Он взял ее из рук техника, ласково баюкающего ее..
— Со всем оборудованием и готова для съемки. А здесь пленки. — Он протянул Ричардсу маленькую, на удивление тяжелую продолговатую коробочку, завернутую в промасленную ткань.
Ричардс бросил камеру в один карман, пленки — в другой.
— О'кей. Где лифт?
— Не так быстро, — остановил его Киллиэн. — У вас есть минута… даже двенадцать, строго говоря. Ваш двенадцатичасовой дрейф начинается официально в шесть тридцать.
Снова раздались вопли ненависти. Оглянувшись через плечо, Ричардс увидел на экране Лоулина. Его сердце забилось в сочувствии.
— Вы мне нравитесь, Ричардс, и я думаю, вы себя хорошо покажете, — начал Киллиэн. — У вас есть некий грубый стиль, которым я бесконечно восхищаюсь. Видите ли, я коллекционер. Пещерное искусство и древнейшая культура Египта — область моих интересов. Вы больше напоминаете пещерное искусство, чем мои египетские урны, но дело не в этом. Я хотел бы сохранить вас — для коллекции, если угодно, — как собирают и хранят пещерные рисунки Азии.
— Беги, хватай запись колебаний моего мозга, сволочь. Она есть в досье.
— Я хотел бы дать вам небольшой совет, — продолжал Киллиэн, не обращая внимания на его слова — У вас нет никакого реального шанса, его и не может быть, когда вся нация охотится за одним человеком, а Охотники обладают невероятно сложным оборудованием и подготовкой. Но если вы затаитесь, вы протянете дольше. Используйте лучше свои ноги, чем любое оружие, которое вам удастся заполучить. И держитесь поближе к своим. Он поднял палец, чтобы подчеркнуть значение своих слов. — Добропорядочные граждане, сидящие там, ненавидят вас за смелость. Вы для них символ нашего темного и расколотого времени. То, что происходило там, было не только шоу и специально подобранная публика. Они ненавидят вас за смелость. Чувствуете это?
— Да, — ответил Ричардс. — Я-то понял. Я их тоже ненавижу.
Киллиэн улыбнулся.
— Поэтому они вас убивают. — Он взял Ричардса за локоть; пожатие было неожиданно крепким. — Сюда.
Позади них Бобби Томпсон ощипывал Лоулина к полному удовлетворению публики.
Вниз по белому коридору, шаги эхом отдавались в пустоте — один. Совсем один. Один лифт в конце коридора.

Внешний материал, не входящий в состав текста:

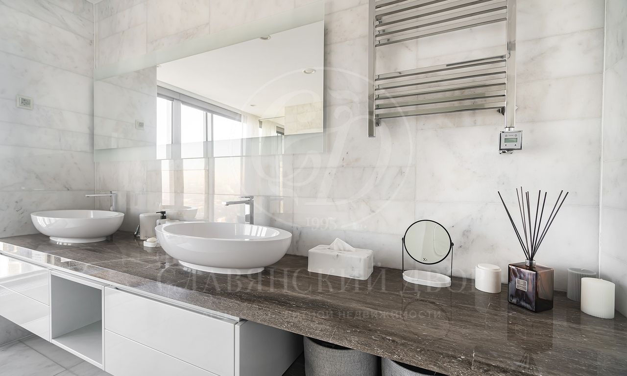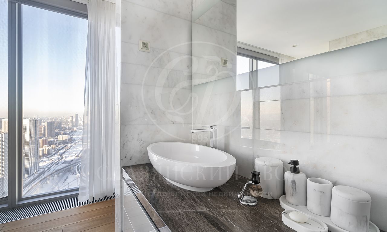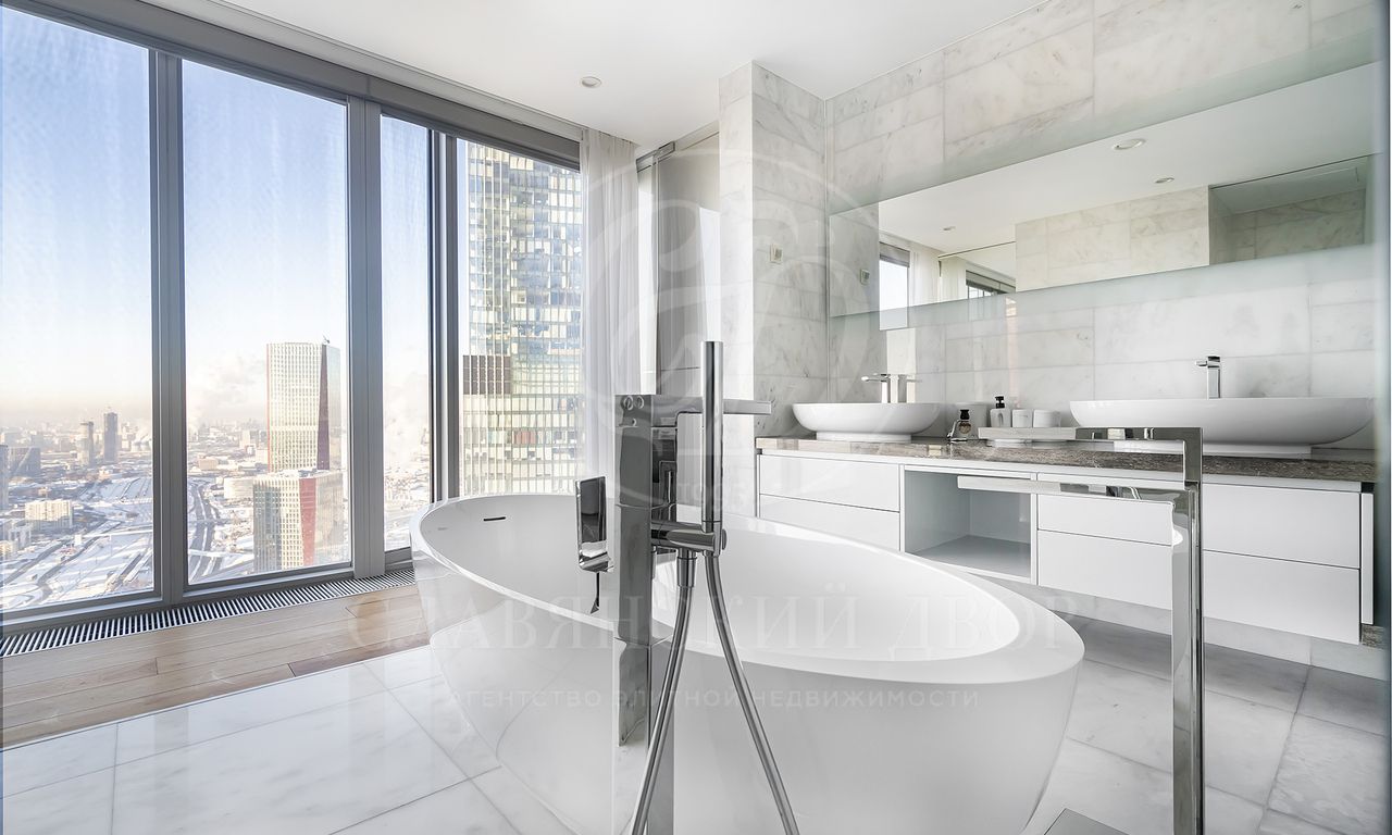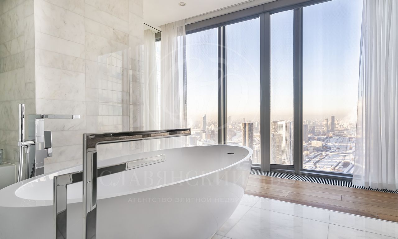 Из окон просторной гостиной открываются завораживающие виды на город. Главная спальная комната с просторной ванной комнатой и гардеробной, гостевая спальная комната с собственным санузлом, гостевой санузел.

— На этом месте мы расстанемся, — произнес Киллиэн. — Скоростной лифт на улицу. Девять секунд.
Он предложил руку — в четвертый раз, и вновь Ричардс отверг ее. Все же он помедлил.
— Что если я поднимусь наверх? — он указал кивком головы на потолок и восемьдесят этажей над ним. — Кого мне убивать там, наверху? Кого мне убить, если я доберусь до самого верха?
Киллиэн мягко рассмеялся и нажал кнопку рядом с лифтом, двери раздвинулись.
— За что вы мне нравитесь, Ричардс, — вы широко мыслите.
Ричардс вошел в лифт. Двери стали сближаться.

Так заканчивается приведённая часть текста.